* [Work to complete] Nothing but the lines below from the first through the one with "完成图,可以看到眼睛两端的眼线比较细,中央部分粗一些。有增大黑眼球宽度的效果。" should appear, printed exactly; please leave pictures out.

* [Provided data]
____
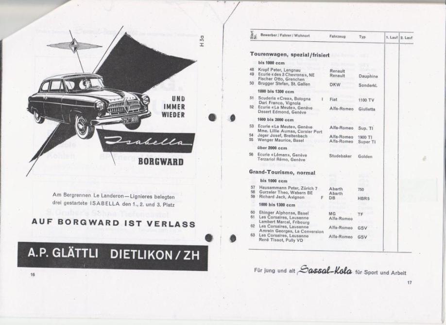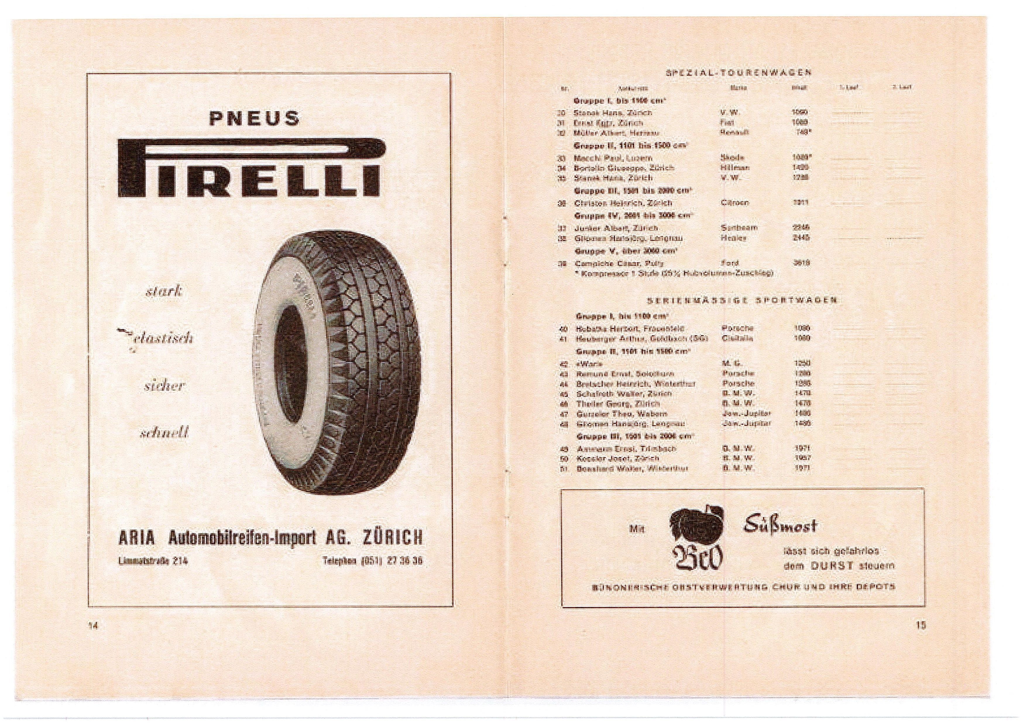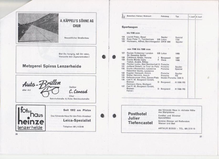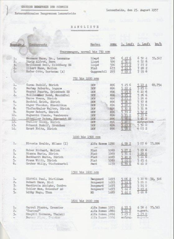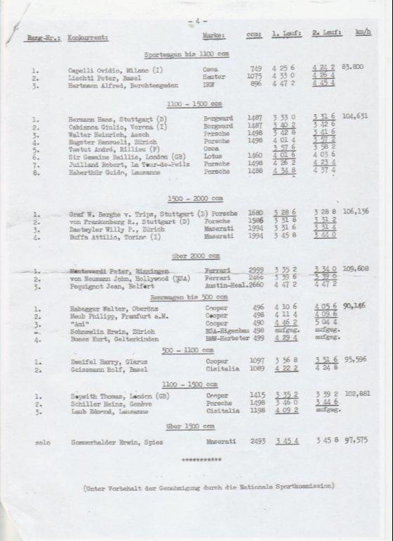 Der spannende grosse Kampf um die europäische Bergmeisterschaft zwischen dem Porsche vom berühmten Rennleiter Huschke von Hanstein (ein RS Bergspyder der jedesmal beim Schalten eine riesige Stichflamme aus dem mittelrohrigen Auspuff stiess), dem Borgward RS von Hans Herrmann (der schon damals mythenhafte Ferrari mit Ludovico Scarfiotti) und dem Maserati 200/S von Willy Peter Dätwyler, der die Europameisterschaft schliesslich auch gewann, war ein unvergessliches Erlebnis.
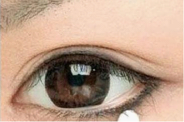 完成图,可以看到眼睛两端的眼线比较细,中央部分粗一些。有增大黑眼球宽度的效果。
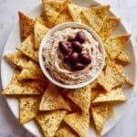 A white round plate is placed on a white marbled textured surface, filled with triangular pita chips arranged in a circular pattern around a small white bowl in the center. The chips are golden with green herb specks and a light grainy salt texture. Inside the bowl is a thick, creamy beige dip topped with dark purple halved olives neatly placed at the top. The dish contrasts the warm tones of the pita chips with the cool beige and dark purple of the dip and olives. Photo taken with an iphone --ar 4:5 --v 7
____
* [Answer for the task]
 Der spannende grosse Kampf um die europäische Bergmeisterschaft zwischen dem Porsche vom berühmten Rennleiter Huschke von Hanstein (ein RS Bergspyder der jedesmal beim Schalten eine riesige Stichflamme aus dem mittelrohrigen Auspuff stiess), dem Borgward RS von Hans Herrmann (der schon damals mythenhafte Ferrari mit Ludovico Scarfiotti) und dem Maserati 200/S von Willy Peter Dätwyler, der die Europameisterschaft schliesslich auch gewann, war ein unvergessliches Erlebnis.
 完成图,可以看到眼睛两端的眼线比较细,中央部分粗一些。有增大黑眼球宽度的效果。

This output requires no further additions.